== Segment start ==

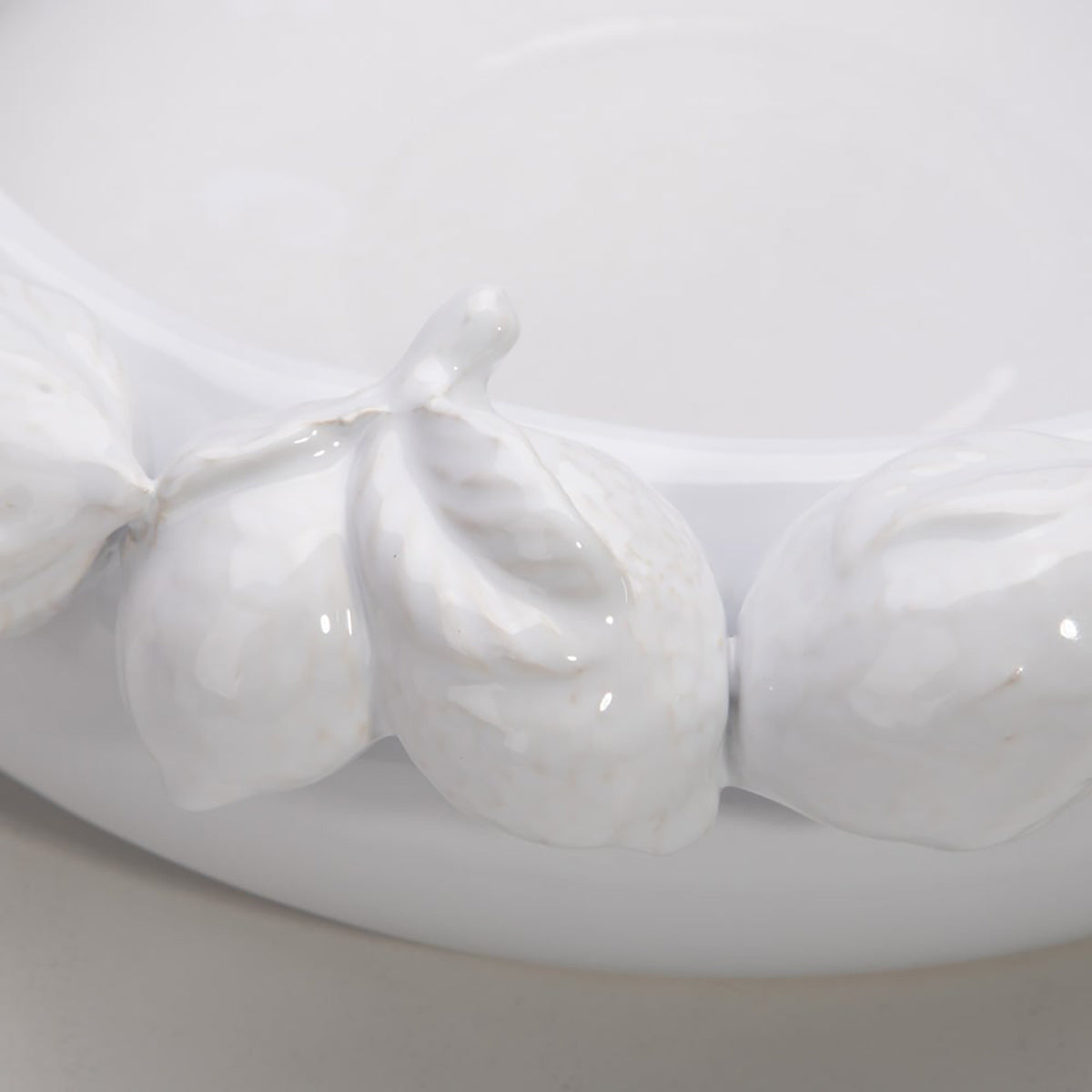 Mode Lemon Bowl White 33cm is a beautiful ceramic serving piece decorated with lemons around the rim which is perfect for fruit or as a table centrepiece - fill with lemons for a striking feature piece! Also available in Green.
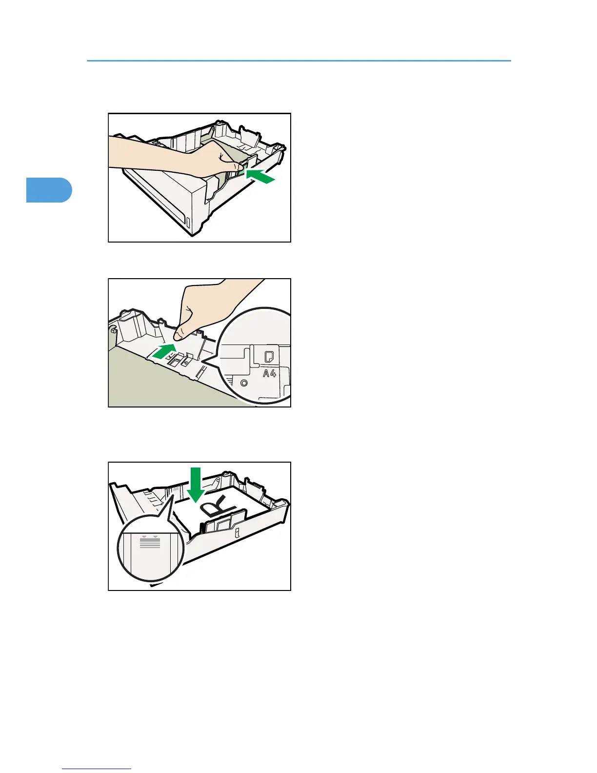 Make sure paper is not stacked higher than the upper limit (upper line) marked inside the tray.
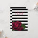 rosa rojo moderno y elegante, texto dorado y boda de rayas negras RSVP. Este hermoso RSVP de banda roja y negra se personaliza fácilmente para tu evento simplemente añadiendo tus detalles en el estilo de letra y color, la redacción y la disposición de tu elección.
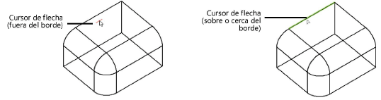 El cursor cambia a una cabeza de flecha cuando está sobre o cerca de un borde, y el borde es resaltado para su selección. Si más de un borde está cerca del cursor, el borde más cercano es resaltado. Haga clic en el borde para seleccionarlo.
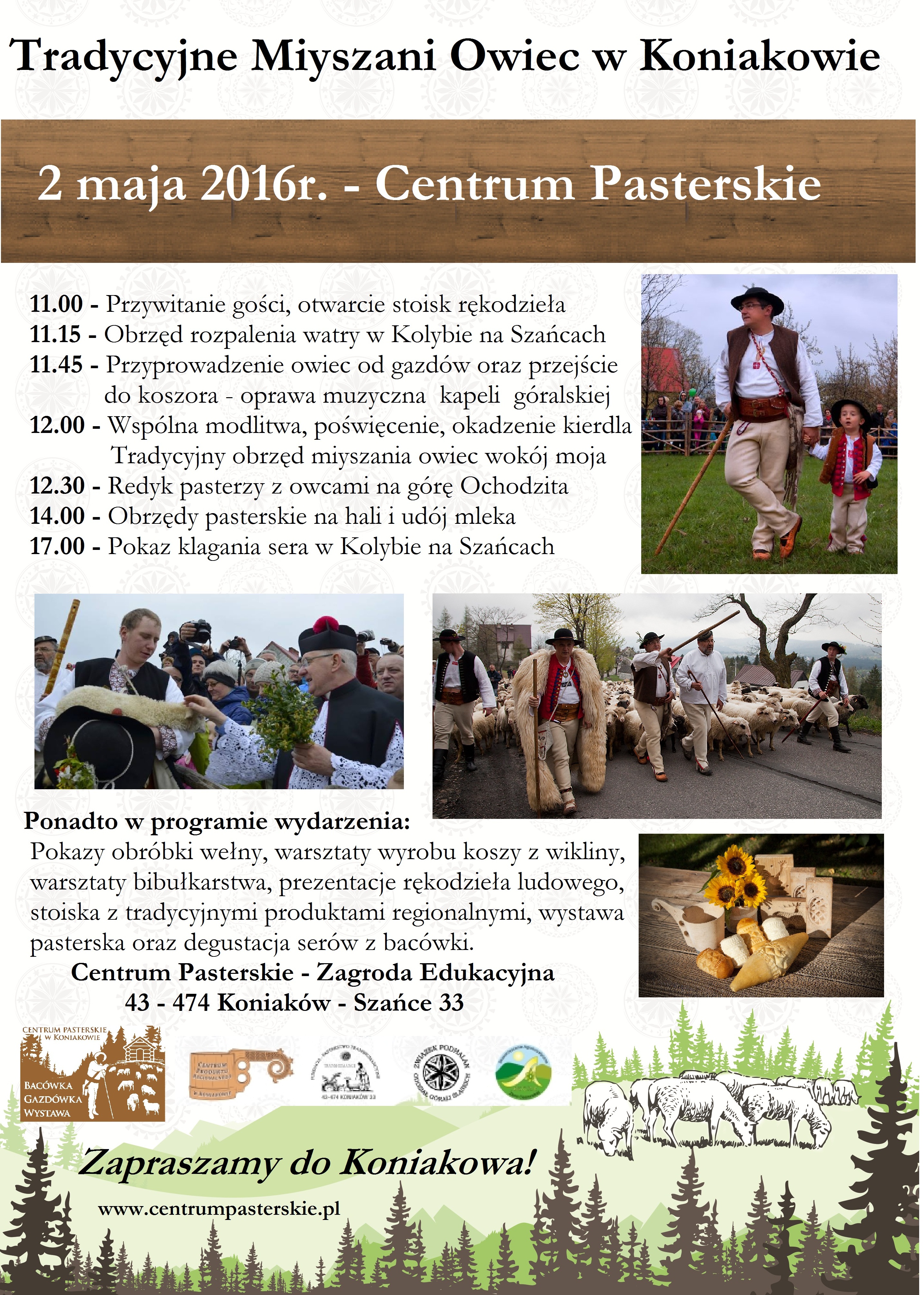 Serdecznie zapraszamy na tradycyjne Miyszani Owiec w Koniakowie! Jak co roku przybyli goście będą mogli zobaczyć zakorzenione w naszej kulturze obrzędy związane z wiosennym rozpoczęciem wypasu na halach. Imprezie towarzyszyć będą stoiska z rękodziełem, góralska muzyka oraz pokaz klagania sera! Uroczyste rozpoczęcie wydarzenia o godzinie 11.00.

== Segment end ==

*Work instruction*
Skipping any images, write out all the data exactly.

*Answer section*
 Mode Lemon Bowl White 33cm is a beautiful ceramic serving piece decorated with lemons around the rim which is perfect for fruit or as a table centrepiece - fill with lemons for a striking feature piece! Also available in Green.
 Make sure paper is not stacked higher than the upper limit (upper line) marked inside the tray.
 rosa rojo moderno y elegante, texto dorado y boda de rayas negras RSVP. Este hermoso RSVP de banda roja y negra se personaliza fácilmente para tu evento simplemente añadiendo tus detalles en el estilo de letra y color, la redacción y la disposición de tu elección.
 El cursor cambia a una cabeza de flecha cuando está sobre o cerca de un borde, y el borde es resaltado para su selección. Si más de un borde está cerca del cursor, el borde más cercano es resaltado. Haga clic en el borde para seleccionarlo.
 Serdecznie zapraszamy na tradycyjne Miyszani Owiec w Koniakowie! Jak co roku przybyli goście będą mogli zobaczyć zakorzenione w naszej kulturze obrzędy związane z wiosennym rozpoczęciem wypasu na halach. Imprezie towarzyszyć będą stoiska z rękodziełem, góralska muzyka oraz pokaz klagania sera! Uroczyste rozpoczęcie wydarzenia o godzinie 11.00.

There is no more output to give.